Generation of regular expression and test bed:
a = r'0*(?:\+?(?:0\+)*[369]0*)*\+?(?:0\+)*'
b = r'a[147]'
c = r'a[258]'
r1 = '[369]|[147](?:bc)*(?:c|bb)|[258](?:cb)*(?:b|cc)'
r2 = '(?:0|(?:(?:' + r1 + ')0*)+)'
r3 = '^' + r2 + r'(?:\+' + r2 + ')*$'
r = r3.replace('b', b).replace('c', c).replace('a', a)
print r
# Test on 10000 examples.
import random, re
random.seed(1)
r = re.compile(r)
for _ in range(10000):
x = ''.join(random.choice('0123456789+') for j in range(random.randint(1,50)))

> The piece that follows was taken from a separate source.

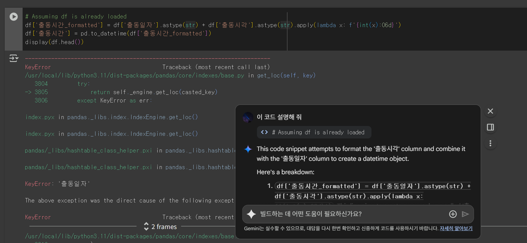데이터 분석 분야는 코랩 혹은 주피터 노트북을 많이 사용합니다. 인터프리터 환경이 확실히 바로바로 결과를 볼 수 있어서 좋아요. 저는 그 중에서 코랩을 사용했습니다. 코랩의 좋은 점은 'Gemini'를 쓸 수 있다는 점입니다. (무료도 제공)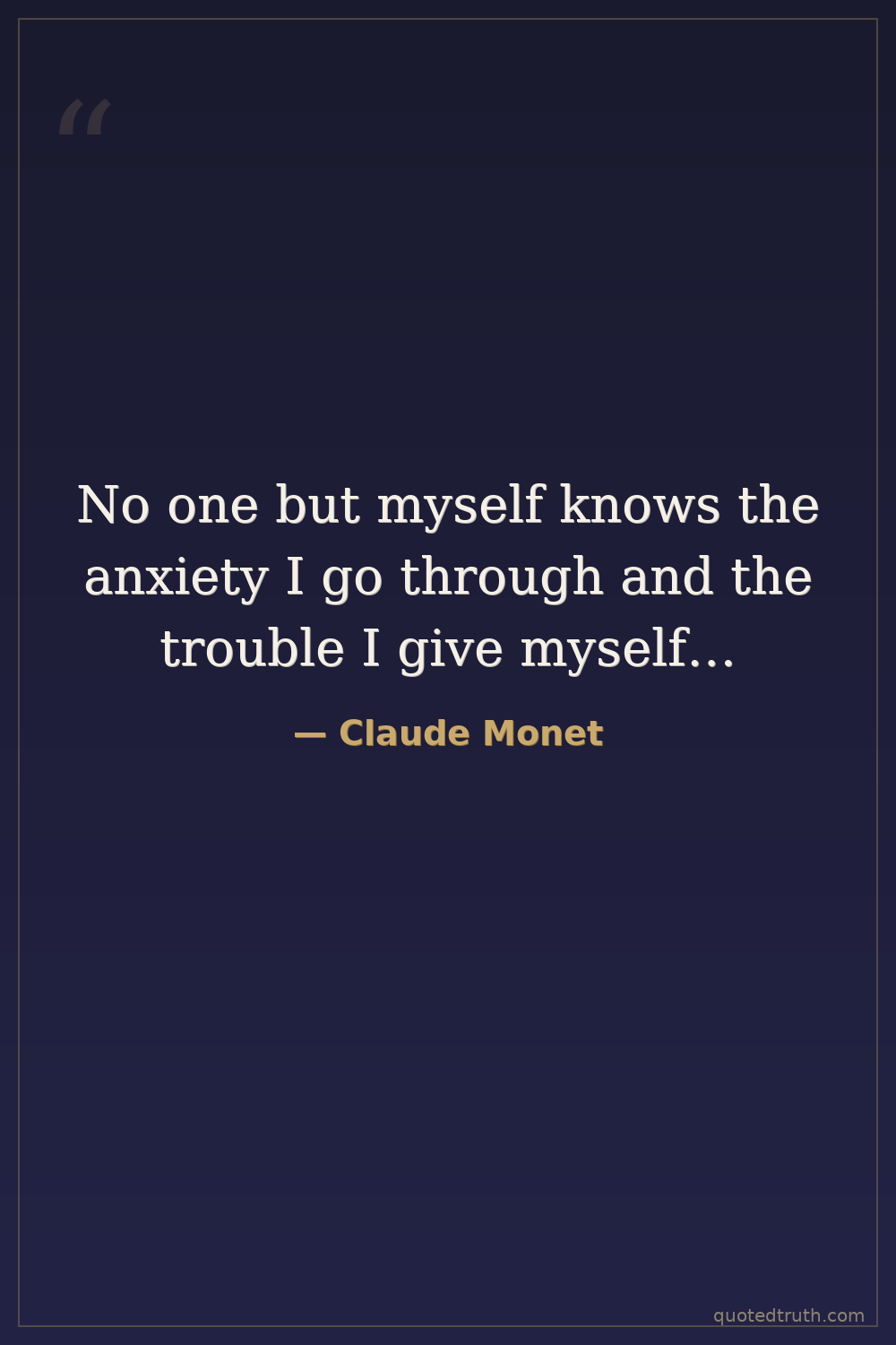 No one but myself knows the anxiety I go through and the trouble I give myself…

if re.search(r'(?:\+|^)(?:\+|0[0-9])|\+$', x):
valid = False
else:
valid = eval(x) % 3 == 0
result = re.match(r, x) is not None
if result != valid:
print 'Failed for ' + x
Note that my memory of DFA syntax is woefully out of date, so my answer is undoubtedly a little broken. Hopefully this gives you a general idea. I've chosen to ignore + completely. As AmirW states, abc+def and abcdef are the same for divisibility purposes.
Accept state is C.
A=1,4,7,BB,AC,CA
B=2,5,8,AA,BC,CB
C=0,3,6,9,AB,BA,CC
Notice that the above language uses all 9 possible ABC pairings. It will always end at either A,B,or C, and the fact that every variable use is paired means that each iteration of processing will shorten the string of variables.
Example:
1490 = AACC = BCC = BC = B (Fail)
1491 = AACA = BCA = BA = C (Success)
Not a full solution, just an idea:
(B) alone: The "plus" signs don't matter here. abc + def is the same as abcdef for the sake of divisibility by 3. For the latter case, there is a regexp here: http://blog.vkistudios.com/index.cfm/2008/12/30/Regular-Expression-to-determine-if-a-base-10-number-is-divisible-by-3
to combine this with requirement (A), we can take the solution of (B) and modify it:
First read character must be in 0..9 (not a plus)
Input must not end with a plus, so: Duplicate each state (will use S for the original state and S' for the duplicate to distinguish between them). If we're in state S and we read a plus we'll move to S'.
When reading a number we'll go to the new state as if we were in S. S' states cannot accept (another) plus.
Also, S' is not "accept state" even if S is. (because input must not end with a plus).